While on vacation on Hatteras Island in the Outer Banks of North Carolina, this Yank stopped to pay his respects to two British sailors who found their final resting place far from the shores of Britain. During World War II, this stretch of the Eastern Seaboard of the US was known as “Torpedo Junction” and saw much action as German U-boats prowled offshore for tankers and other merchant ships carrying vital supplies to the UK.

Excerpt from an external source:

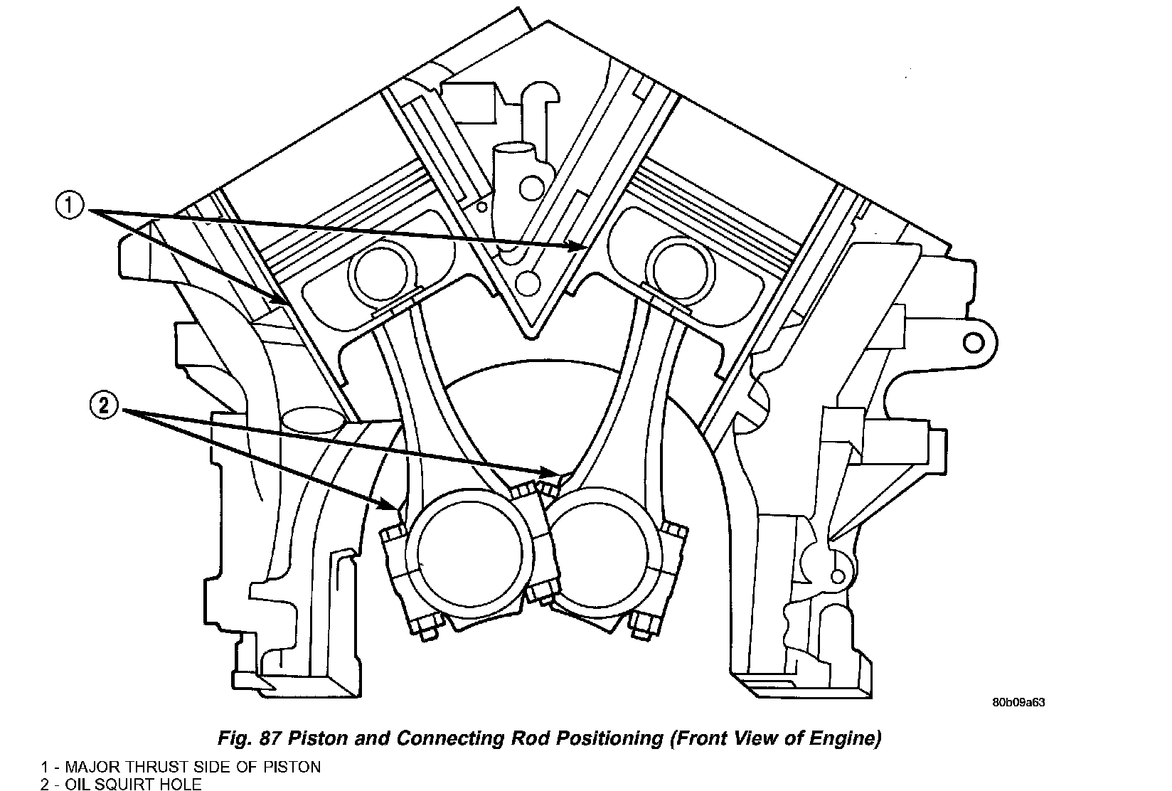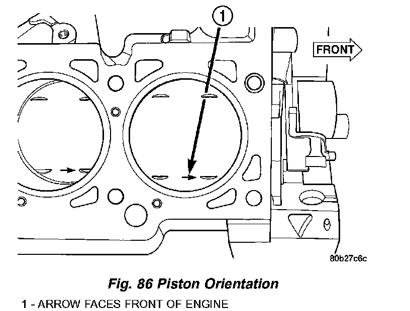 7. The arrow on top of piston must be pointing toward front of engine (Fig. 86) and oil squirt hole on connecting rod faces the major thrust (right) side of the cylinder bore (Fig. 87).
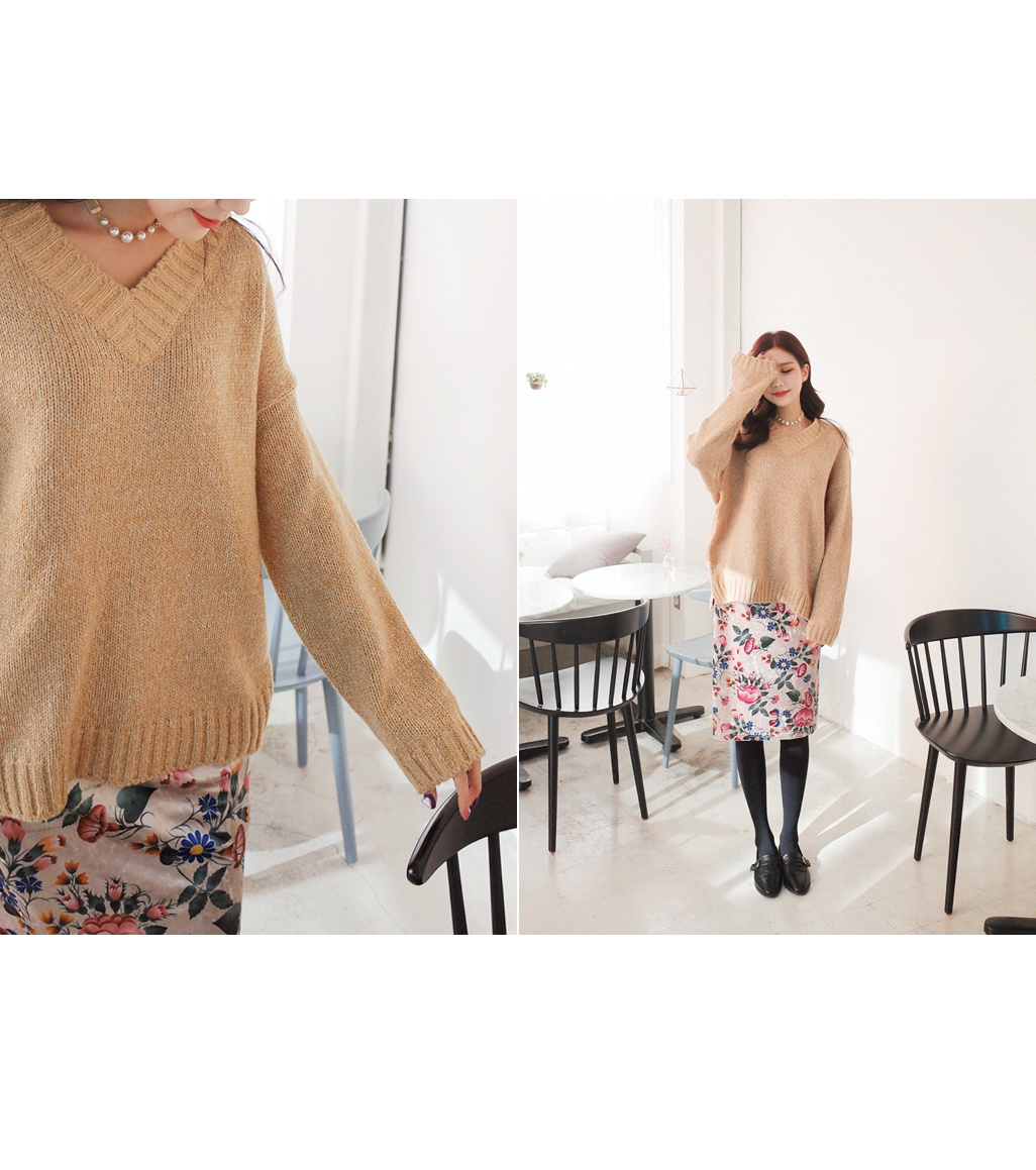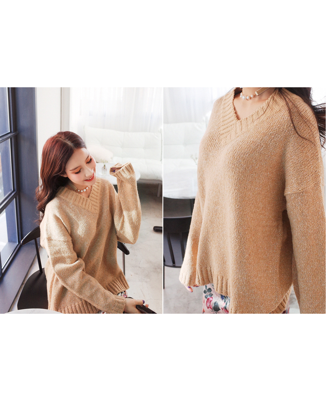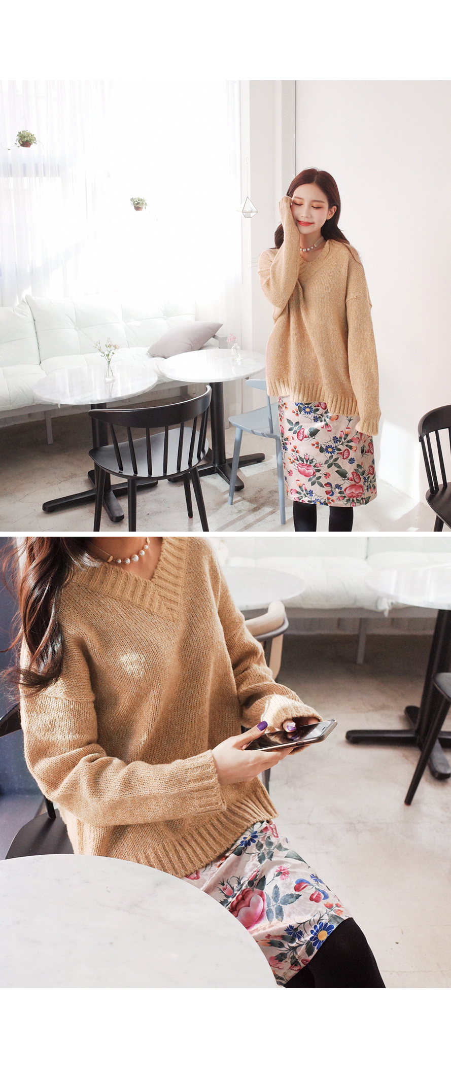 브이넥 스타일로 여리한 실루엣이 예쁜 니트입니다

In the dead of night on April 10, 1942 one such clash occurred when U-203, skippered by Kptlt. Rolf Mützelburg, encountered the British Motor Tanker San Delfino off Cape Hatteras. San Delfino was on her way from Houston, Texas and bound for the UK when U-203 found her. The U-boat hit her with one torpedo, then followed-up with a spread that missed. For the next hour she stalked the British tanker before she was finally able to sink her with a single torpedo. Of the crew of fifty seven, twenty four were lost that night. Among them was Fourth Engineer Officer Michael Cairns of the Royal Merchant Navy. The sea kept him for nearly a month before his remains washed ashore near the Hatteras lighthouse. Like the other British seaman who perished off the coast, he was buried with all the honors and respect he had earned.
As I stood at his grave, I thought about what those last hours must been like for Mr. Cairns and his fellow crewmates. After that first attack, they had to have realized that somewhere in the dark a submarine was hunting them down. An hour is a long time when your life is hanging in the balance. Did they even see the wakes from torpedoes before they exploded against the ship, giving them a few seconds to prepare for what was about to happen? Was Mr. Cairns at his station in the engine room when San Delfino went down? Was that why he didn’t make it out?
BMT San Delfino
Hailing from Dundee, Scotland, Cairns was just 28 when he died that morning seventy-four years ago. I’m almost twice the age he was when he died, and I brought my 11-year-old daughter with me to visit his grave, to show her that war isn’t just something you read about in a book. When I think of the soldiers, sailors and marines who gave their lives for their countries, I’m forcefully reminded that it is their sacrifices that allowed me to enjoy a full life and see my children grow, while their lives were cut so short.
There are other British sailors interred here in the Outer Banks. On nearby Ocracoke Island, there is a cemetery that holds the remains of four British seaman who served and died on HMS Bedfordshire. She was a Royal Navy ship jointly crewed by British and Canadian sailors, and one of the patrol vessels thrown into action along the US coast when the U.S. Navy proved to be woefully unprepared to counter the U-boat threat off its shores. Bedfordshire was destroyed by U-522 the month after San Delfino met her fate.
Perhaps most hauntingly, next to Michael Cairns rests a sailor whose identity is unknown to this day. His remains washed ashore a month after Officer Cairns was found. I would like to think that it would give Mr. Cairns and those other men who found their final rest so far from home some measure of comfort to know that their graves are cared for with so much respect and devotion. Every year near the anniversary of Bedfordshire’s sinking, members of the U.S. National Park Service, U.S. Coast Guard, and British Royal Navy join with local citizens to honor these men. Officers place wreaths at the graves and local citizens read the names of the dead. The sounding of “Taps” and a 21-gun salute conclude the memorial services every year.